Oklahoma Library Legends
Bob Clark, a native of Krebs, Oklahoma, was hired as the Oklahoma Department of Libraries’ director in July, 1976. Clark’s near quarter of a century as ODL Director coincided with an “unprecedented time” in the development of library and information services for the State Library and the State of Oklahoma. During his tenure he headed two statewide Governor’s Conferences, championed preservation programs, government openness laws, and intellectual freedom issues; supervised the use of federal library funds in the state; and lead a strategic planning process that redefined the agency and its role in the information age.
Clark was first employed by ODL from 1969 to 1973 as head of the Division of Archives and Records and then as data processing coordinator. One of his first projects for the agency was an effort to save many of the state’s important historical documents. Documents from territorial days, WPA records, early correspondence from attorney generals, and other irreplaceable documents were rescued for posterity thanks to that effort.
In 1976, he was selected to head the Oklahoma Department of Libraries. One of his first actions was moving all of the state’s Interlibrary Loan Activity to the automated OCLC environment, where millions of records could be accessed to help locate materials for patrons. Clark used state funds to create and maintain a statewide online catalog in the 1990s and ODL’s Interlibrary Loan entered a new age with an online catalog since even the smallest libraries could now request materials directly from other libraries in the state.
Clark also promoted the use of federal funds to assist the disadvantaged populations in Oklahoma’s state institutions.
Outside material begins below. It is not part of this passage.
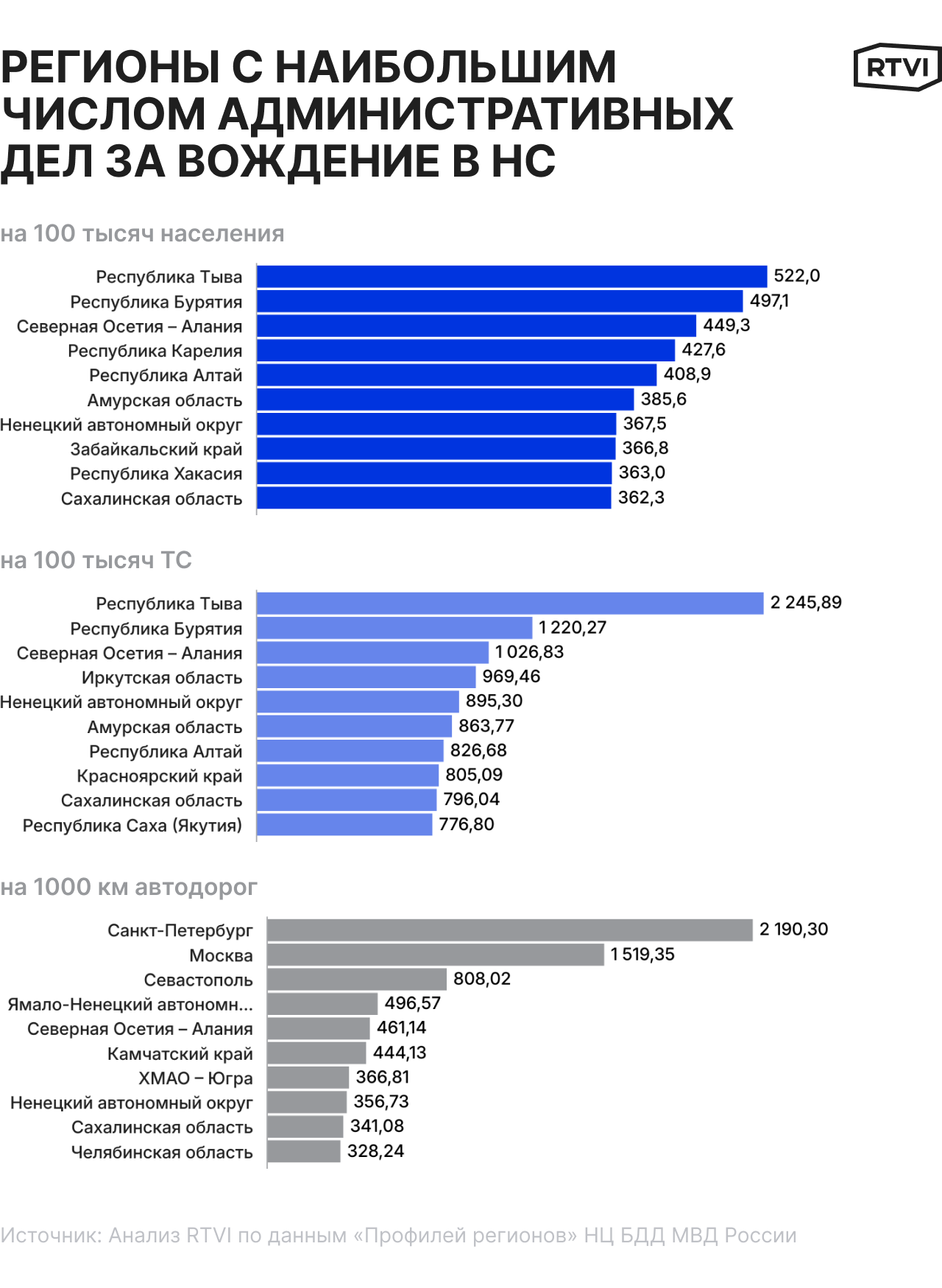 Больше всего административок за пьяное вождение также в этих проблемных регионах. На первом месте — Тыва, где на каждые 100 тысяч человек приходится по 522 административных дела за управление в нетрезвом состоянии, на втором — Бурятия (497). В ТОП-10 вошли также Алтай, Амурская область, Забайкальский край и Сахалинская область. Среди относительно благополучных регионов — Северная Осетия, Карелия, Ненецкий округ и Хакасия.

Residents of correctional, mental health, and juvenile institutions all benefited from improved library services thanks to these funds.
Governor’s Conferences on Libraries and Information Services held in 1978 and 1990 lead to the creation of a statewide friends group, Friends of Libraries in Oklahoma, and a statewide adult literacy program.
During his directorship, the agency initiated two significant programs targeting improved access to state government documents. In 1978, Governor Boren signed legislation creating the Oklahoma Publications Clearinghouse, a repository of state agency publications printed at taxpayer expense.
Twenty years later, in 1998, the agency took the lead in improving access to state government information online. ODL provides a directory of finding aids, and a special search service that indexes all state government websites. “Our mission to connect people with government information remains the same, no matter what the media,” he said.
Clark said his retirement from ODL represents a happy ending. It’s a time to reflect on the aggregate of many years and many experiences.
“I have seen our profession move from card catalogs to information available in real time. I’ve seen the difference a good board and a good staff can make in improving the lives of Oklahomans. I’ve been blessed.”